Data segment:
┌──

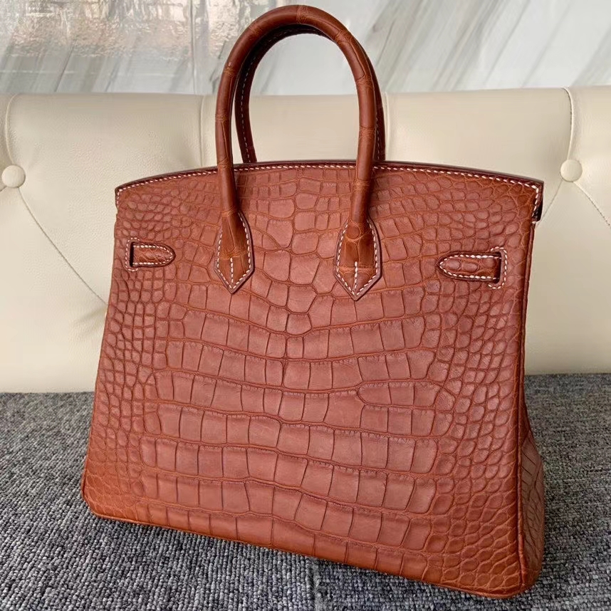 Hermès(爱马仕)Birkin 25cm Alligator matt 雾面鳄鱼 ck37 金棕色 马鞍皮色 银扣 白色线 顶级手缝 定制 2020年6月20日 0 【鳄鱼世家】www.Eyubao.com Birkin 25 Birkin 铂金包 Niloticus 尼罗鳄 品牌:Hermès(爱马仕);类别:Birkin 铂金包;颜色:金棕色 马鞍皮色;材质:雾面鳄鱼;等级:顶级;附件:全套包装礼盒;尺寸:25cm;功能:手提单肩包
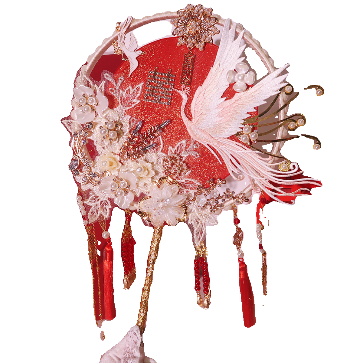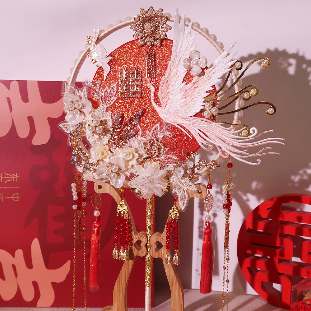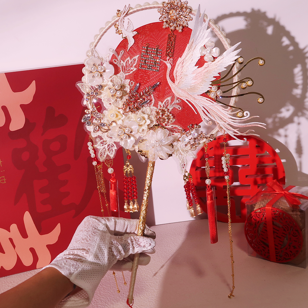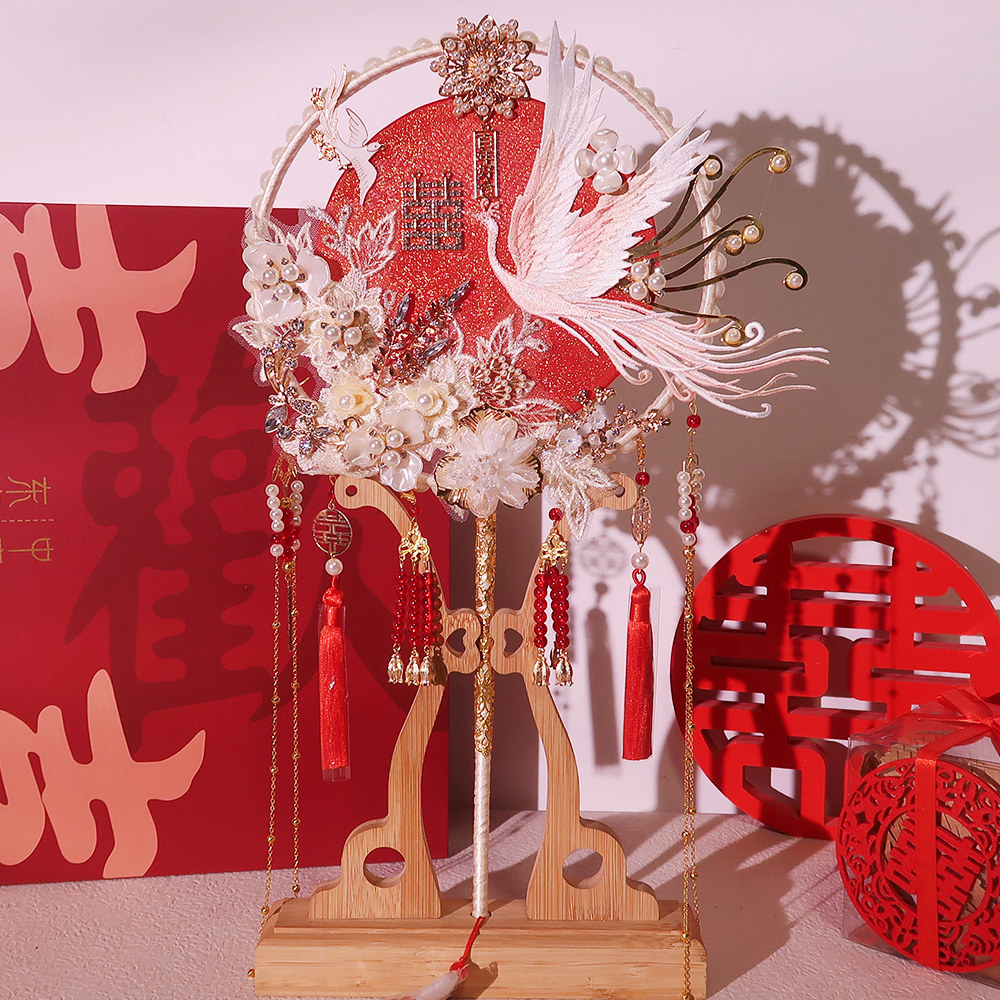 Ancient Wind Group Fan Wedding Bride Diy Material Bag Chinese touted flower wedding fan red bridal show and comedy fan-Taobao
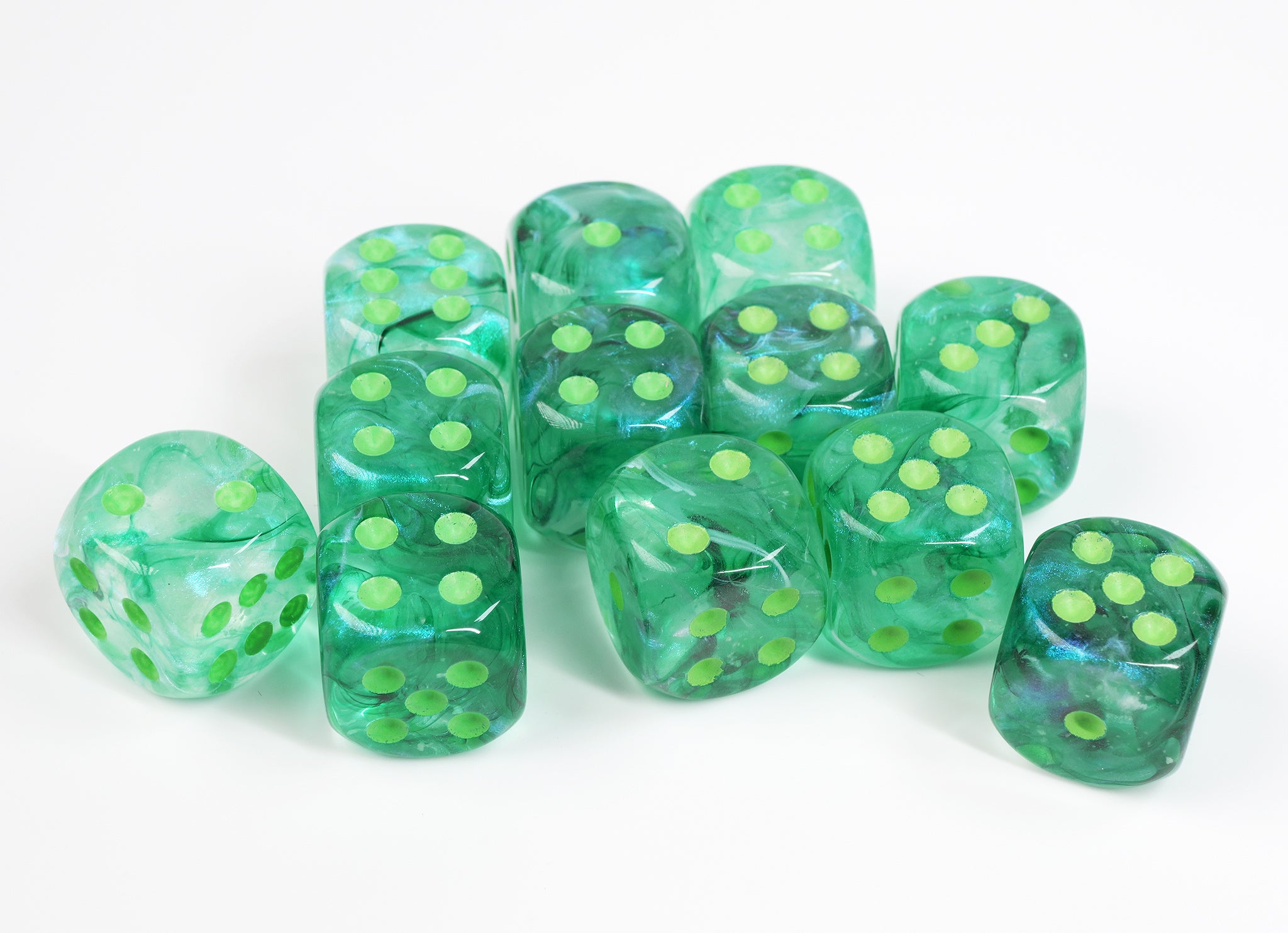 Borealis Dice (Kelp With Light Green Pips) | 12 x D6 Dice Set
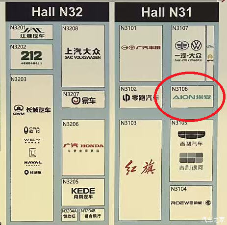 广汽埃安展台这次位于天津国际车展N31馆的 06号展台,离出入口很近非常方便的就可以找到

└──

Goal of the exercise: In your answer, set down the full listing word for word and include no pictures.

Task response:
 Hermès(爱马仕)Birkin 25cm Alligator matt 雾面鳄鱼 ck37 金棕色 马鞍皮色 银扣 白色线 顶级手缝 定制 2020年6月20日 0 【鳄鱼世家】www.Eyubao.com Birkin 25 Birkin 铂金包 Niloticus 尼罗鳄 品牌:Hermès(爱马仕);类别:Birkin 铂金包;颜色:金棕色 马鞍皮色;材质:雾面鳄鱼;等级:顶级;附件:全套包装礼盒;尺寸:25cm;功能:手提单肩包
 Ancient Wind Group Fan Wedding Bride Diy Material Bag Chinese touted flower wedding fan red bridal show and comedy fan-Taobao
 Borealis Dice (Kelp With Light Green Pips) | 12 x D6 Dice Set
 广汽埃安展台这次位于天津国际车展N31馆的 06号展台,离出入口很近非常方便的就可以找到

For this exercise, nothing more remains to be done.